For message transport,netty.io[Net15b] is used, a Java-based library providing a convenient abstraction to the non-blocking native I/O interface in a similar way as boost.asiofor C++. However, contrary to STREAMMINE3G which sends events in batches when facing high volumes of data, events in S4 are always disseminated without any batching capabilities. Moreover, S4 reads messages asynchronously without throttling read requests (AUTO_READ mode) which can quickly saturate input buffers where events will be dropped transparently in case of an overload of the operator which is also known as load shedding [TcZ07].

Similar as with STREAMMINE3G, S4 uses Zookeeper in order to store its cluster configuration in a reliable manner. However, the cluster configuration is static and cannot be changed during runtime. Hence, nodes cannot be added or removed during the course of processing in order to accommodate new load situations through elasticity mechanisms. Moreover, a S4 process can only host a single PE where co-location of PEs for better resource utilization can only be achieved through launching of several S4 processes on the same node.

While the initial releases of S4 were only equipped with very basic fault tolerance by simply restarting crashed PEs, the latest version 0.6.0 offers state persistence through uncoordinated checkpointing where the fields of a PE are transparently serialized and written to stable storage. Although checkpointing preserves the state of long running operations, S4 does not provide strong consistency since events are neither merged, processed deterministically nor logged for a replay of in-flight events during an initiated recovery. Hence, S4 provides only gap recovery without strong consistency for state as well as events.

Although S4 was open-sourced by Yahoo Inc. in early 2011 and became an Apache incubator project just two years after, the project itself is can be considered as dead since its last release (0.6.0) in summer 2013.

3.9.2 Apache Storm

A project that evolved roughly at the same time as S4 is Apache Storm [Sto15] which was originally pushed by Twitter Inc. and is written in Clojure [Hal09], a Java-based dialect. Oper- ators in Storm are implemented using UDFs in a similar way as in S4 and STREAMMINE3G. However, contrary to S4 where operators (processing elements) solely operate on a single key, Storm operates on a partitioned stream of events comprising several keys specified through

stream-groupings which is essentially a partitioner. Instead of providing several streams to

an operator in order to have events delivered downstream as done in S4, Storm provides a single collector object to emit events and handles transparently the event dissemination to downstream peers based on the user’s specified topology.

Topologies in Storm are established by specifying the set of upstream operators a downstream operator is required to consume events from. The topology definition also contains the partitioning scheme (i.e., the stream grouping) as well as the parallelization degree in a similar fashion as in STREAMMINE3G. Storm distinguishes between two types of operators: bolts and spouts. While spouts are solely used as input adapters to ingest events, bolts serve as regular operators within a topology that receive, process and emit events to downstream bolts. Earlier versions of Storm were based onzeroMQ[Zer15] for message dissemination across the network as it provides a high-level abstraction for networking similar toboost.asio. However, sincezeroMQis written in C++, the use of a JNI wrapper [Lia99] library was needed which introduced additional overhead through (un-)marshaling of data and complexity when deploying the system on diverse platforms. Therefore, authors recently switched to thenetty.ioframe-

work which not only simplifies the deployment of the system but also improves performance as micro benchmarks have shown [Net15a].

Storm clusters are configured through Zookeeper, however, contrary to S4, new nodes can be added at runtime. In order to mimic elasticity, Storm provides a re-balance feature where operators (i.e., bolts) will be evenly redistributed across the cluster taking into account the newly added resources. Although re-balancing allows a scale out, a contraction of the system can only be achieved by actively crashing running nodes.

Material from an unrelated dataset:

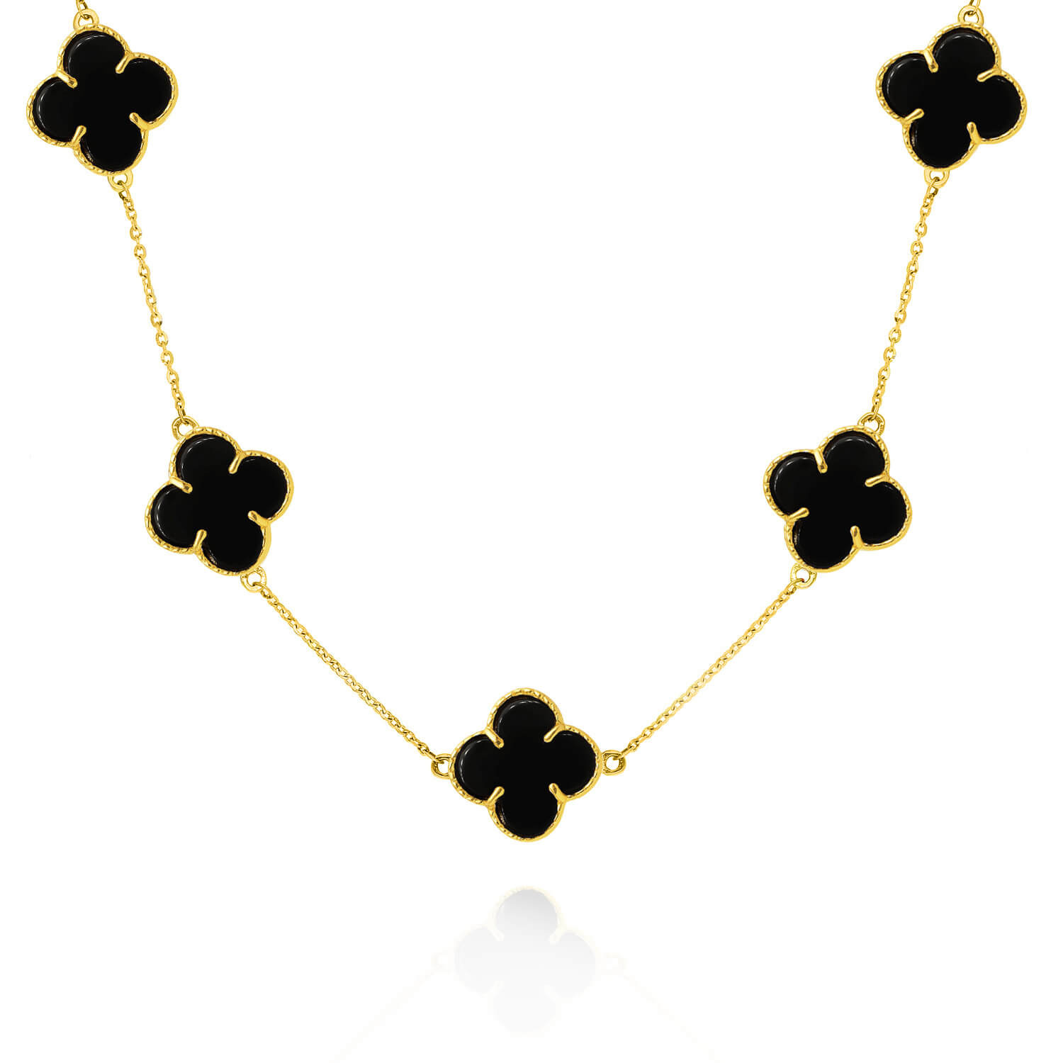 Naszyjnik ręcznie wykonany ze złota próby 585 (14-karatów) z kamieniami naturalnymi w kształcie koniczynek. Symbol czterolistnej koniczynki przypomina o czterech nadrzędnych wartościach: szczęściu, zdrowiu, miłości oraz bogactwu. Kamienie czarnego onyksu cudownie połyskują w dziennym świetle. Naszyjnik spodoba się kobietom, które cenią oryginalność i niepowtarzalność.

In order to cope with system failures, Storm provides the concept of transactional topologies where unacknowledged events will be automatically replayed. Hence, Storm employs mechanisms to prevent event loss, however, accumulated operator state will be lost. Authors of Storm propose to use RDBMS systems instead for storing the state of long running applications. In 2013, Storm became an Apache Incubator project and is currently maintained and supported by a steadily growing community.

3.9.3 Apache Samza

A quite recent development in the area of ESP systems is Apache Samza [Sam15] which evolved from LinkedIn Inc. The system is written in Scala [OSV08] and uses Apache Kafka [Kaf15], a publish-subscribe system to exchange messages. Operators in Samza are calledStreamTasks that operate on a partitioned stream similar as in Storm and STREAMMINE3G.

Instead of defining an explicit topology which cannot be modified during runtime as in S4 and Storm, Samza follows a more flexible approach with a loose communication model where

StreamTaskscommunicate solely through named streams. This model allows a deployment and removal ofStreamTaskswithout any interference. In order to feed Samza with new events,StreamConsumersare used which serve as input adapters for the system.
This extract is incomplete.